Antibiotics as Global Climate: Kyoto vs. Montreal
Suppose we think of antibiotics like clean air. We all want to have access to them and we think future generations ought to have access as well. However, suppose a sustainable usage of antibiotics requires all nations to make minor sacrifices (from more expensive meat to not having quick access to broad-spectrum antibiotics). How do we motivate nations to cooperate (for instance, signing a treaty and being monitored for compliance)? One natural place to look for a possible solution to NPD at a global level is to adopt lessons learned from international treaties on pollution control. Looking to the Montreal and Kyoto Protocols as models of successful and unsuccessful international efforts, respectively, Jonny Anomaly outlines a number of features that make a treaty more likely to succeed (Anomaly 2010). They are:
1. Flexibility: goals must be adjustable on the fly and nations must be able to meet goals in a variety of ways (e.g., cap and trade, taxes, etc.).
2. Signatories must perceive the burdens as being distributed in a fair way and beneficial to all participants by effective use of carrots and sticks.
The Kyoto Protocol places a significant burden on industrialized nations to cut emissions of greenhouse gases while allowing nations with smaller per capita GDP (including China) exemptions. The result was the creation of free-rider states and the withdrawal of large industrialized nations who felt they were shouldering most of the burden of cutting emissions.

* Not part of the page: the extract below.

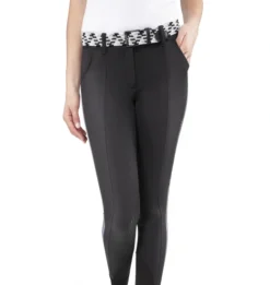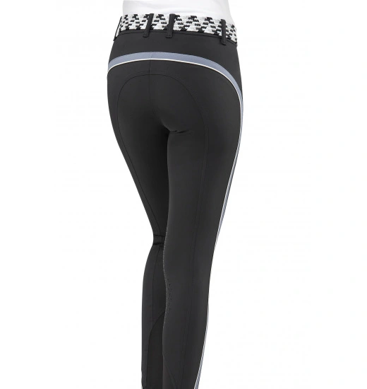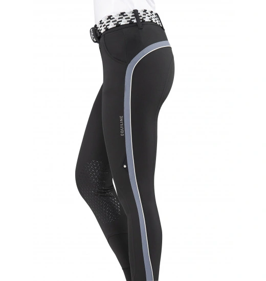 The breeches come from the latest Equiline Spring/Summer 2020 collection. They are made of highly elastic material that stretches in all four ways. The breeches have a silicone knee grip that provides excellent adhesion to the saddle. They have two capacious pockets. What is more, the pants have lycra inserts, which makes them fit the rider’s body and highlight the shapes even better. They are beautifully trimmed and will prove as highly functional. The breeches’ legs have elastic inserts that prevent chafing of the ankles. They have contrasting trimming, which adds elegance and sporty character.

The Kyoto Protocol also lacked the necessary flexibility. As Asian countries began to absorb migration of heavy industries from developed nations, the Kyoto Protocol could not adjust and restrict new emitters (e.g., China and India) of greenhouse gases who had been exempted from the treaty. The cuts by industrialized nations that remained parties to the protocols have been dwarfed by emissions from China and other parts of Asia, South America, and Africa. Worldwide emissions of greenhouse gases have gone up by 50% since 1990 even though US contribution has decreased from 66% to 50% (Schiermeier 2012).

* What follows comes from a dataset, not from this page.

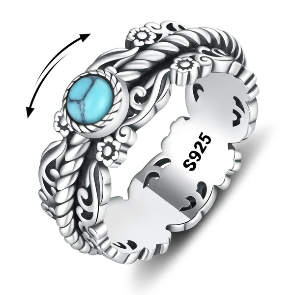 Teioa Turquoise Anxiety Relieve Rings - 925 Sterling Silver Spinner Fidget Ring Worry Stress Relieving Boredom ADHD Autism Ring for Women (7#)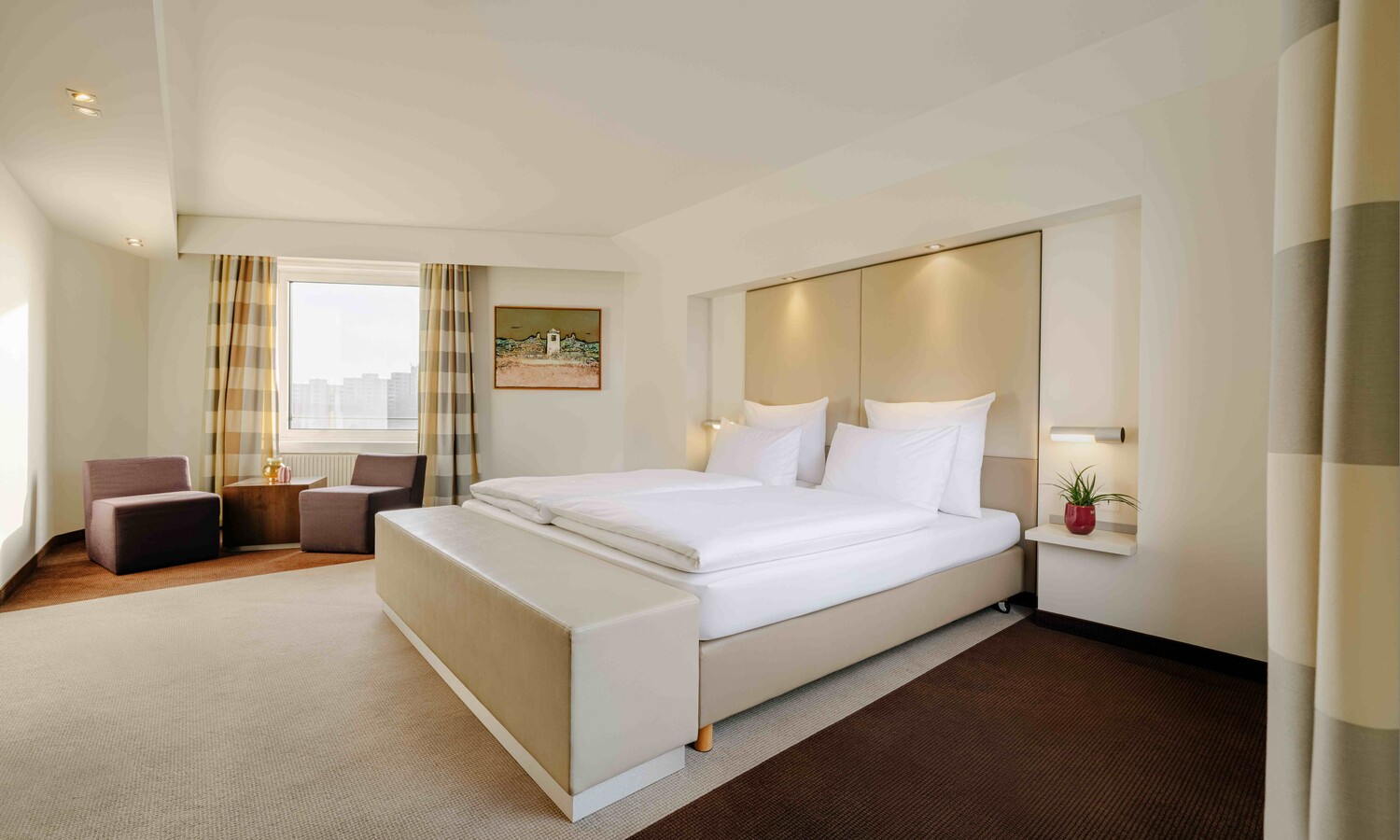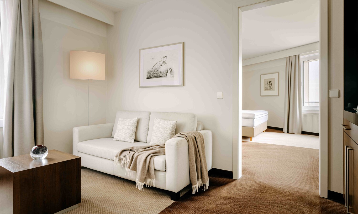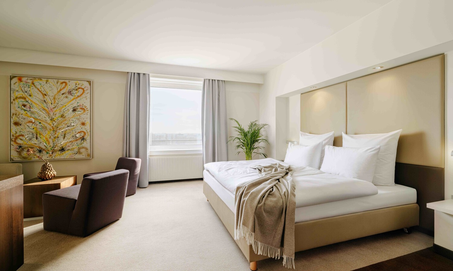 Offener Wohn- und Schlafbereich, individuelle Farbakzente, ausgewählte Kunst – die Junior Suiten verbinden Großzügigkeit mit persönlichem Stil.

Contrast the failure of the Kyoto Protocol with the success of the Montreal Protocol—a treaty strongly advocated by conservative political leaders like Ronald Reagan and Margaret Thatcher. The Montreal Protocol aimed to limit production of ozone-depleting gases and does so by first creating incentives for small nations to sign on (Gillis 2013). When a non-developed country becomes a signatory, it immediately receives subsidies to help it create non-ozone-depleting alternatives. The treaty also imposes trade restrictions between those countries that have signed on and those that have not. However, the restriction does not kick in until a critical mass of nations has signed on to the treaty. The result was that after the initial surge of small nations signing on (motivated by subsidies), larger nations had a disincentive to remain on the sidelines. The Montreal Protocol has been held up as a model of an international treaty that provides flexible carrots and sticks to all nations to sign on while minimizing free riders in a game of NPD.

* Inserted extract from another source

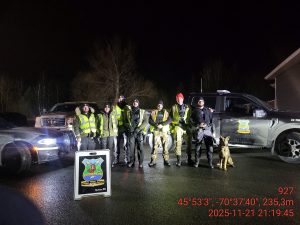 Opération des membres de la MRC Beauce-Sartigan avec les agents de la faune du secteur qui a eu lieu le 21 novembre 2025 en soirée – En résumé : trois policiers SQ, un stagiaire en technique policière et trois agents de la faune ont participé.

As Anomaly rightly points out, however, controlling ozone-depleting gases presents a set of challenges different from instituting a sustainable antibiotic global policy. For starters, there are currently no effective alternatives to antibiotics that are of similar costs. In addition, unlike the elimination of ozone-depleting gases, restricting access to, say, broad-spectrum antibiotics can have immediate and serious implications to individuals’ welfare. Internal political pressure would be of a different magnitude: trade restrictions might not be sufficient to motivate a citizen to forgo beneficial antibiotics. Monitoring antibiotic usage (i.e., compliance with a treaty) might also present far more logistical problems. Unlike a blanket prohibition of ozone-depleting gases like chlorofluorocarbon (CFC), for example, detecting inappropriate use of antibiotics would require close monitoring at the clinical level to determine if a particular prescription of antibiotic is appropriate. Given the fact that even nations that have robust healthcare monitoring systems like the United Kingdom and the United States have had an exceedingly difficult time gathering data on antibiotic usage domestically, the mechanism necessary for a global monitoring of antibiotic usage would be tremendously complex and resource intensive.